Nor is there a problem with autocorrelation:

> durbin.watson(runs.mdl)
 lag Autocorrelation D-W Statistic p-value
   1     0.003318923      1.983938   0.884
 Alternative hypothesis: rho != 0

Or with singularity:

> runs.mdl <- lm(
+    formula=runs~singles+doubles+triples+homeruns+
+                 walks+hitbypitch+sacrificeflies+
+                 stolenbases+caughtstealing,
+    data=team.batting.00to08,singular.ok=FALSE)

If a model has problems with heteroscedasticity or outliers, consider using a resistant or robust regression function, as described in Robust and Resistant Regression. If the data is homoscedastic and not autocorrelated, but the error form is not normal, then a good choice is ridge regression, which is described in Ridge Regression. If the predictors are closely correlated (and nearly collinear), then a good choice is principal components regression, as described in Principal Components Regression and Partial Least Squares Regression.

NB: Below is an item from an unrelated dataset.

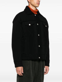 STAY WARM AND STYLISH WITH OUR KNITTED DOWN JACKET. THIS BLACK PADDED JACKET FEATURES A KNITTED CONSTRUCTION FOR ADDED COMFORT AND WARMTH. THE FRONT PRESS-STUD AND ZIP FASTENING, SPREAD COLLAR, AND RIBBED CUFFS AND HEM PROVIDE A SECURE FIT, WHILE THE QUILTED LINING AND DRAWSTRING HEM ENSURE MAXIMUM INSULATION. WITH TWO STUD-FASTENING CHEST POCKETS AND TWO SIDE SLIT POCKETS, YOU CAN KEEP YOUR ESSENTIALS CLOSE AT HAND. UPGRADE YOUR WINTER WARDROBE WITH THIS MUST-HAVE JACKET.

Robust and Resistant Regression

Often, ordinary least squares regression works well even with imperfect data. However, it’s better in many situations to use regression techniques that are less sensitive to outliers and heteroscedasticity. With R, there are alternative options for fitting linear models.

Resistant regression

If you would like to fit a linear regression model to data with outliers, consider using resistant regression. Using the least median squares (LMS) and least trimmed squares (LTS) estimators:

library(MASS)
## S3 method for class 'formula':
lqs(formula, data, ...,
    method = c("lts", "lqs", "lms", "S", "model.frame"),
    subset, na.action, model = TRUE,
    x.ret = FALSE, y.ret = FALSE, contrasts = NULL)

## Default S3 method:
lqs(x, y, intercept = TRUE, method = c("lts", "lqs", "lms", "S"),
    quantile, control = lqs.control(...), k0 = 1.548, seed, ...)

Robust regression

Robust regression methods can be useful when there are problems with heteroscedasticity and outliers in the data. The function rlm in the MASS package fits a model using MM-estimation:

## S3 method for class 'formula':
rlm(formula, data, weights, ..., subset, na.action,
    method = c("M", "MM", "model.frame"),
    wt.method = c("inv.var", "case"),
    model = TRUE, x.ret = TRUE, y.ret = FALSE, contrasts = NULL)

## Default S3 method:
rlm(x, y, weights, ..., w = rep(1, nrow(x)),
    init = "ls", psi = psi.huber,
    scale.est = c("MAD", "Huber", "proposal 2"), k2 = 1.345,
    method = c("M", "MM"), wt.method = c("inv.var", "case"),
    maxit = 20, acc = 1e-4, test.vec = "resid", lqs.control = NULL)

You may also want to try the function lmRob in the robust package, which fits a model using MS- and S-estimation:

library(robust)
lmRob(formula, data, weights, subset, na.action, model = TRUE, x = FALSE,
            y = FALSE, contrasts = NULL, nrep = NULL,
            control = lmRob.control(...), genetic.control = NULL, ...)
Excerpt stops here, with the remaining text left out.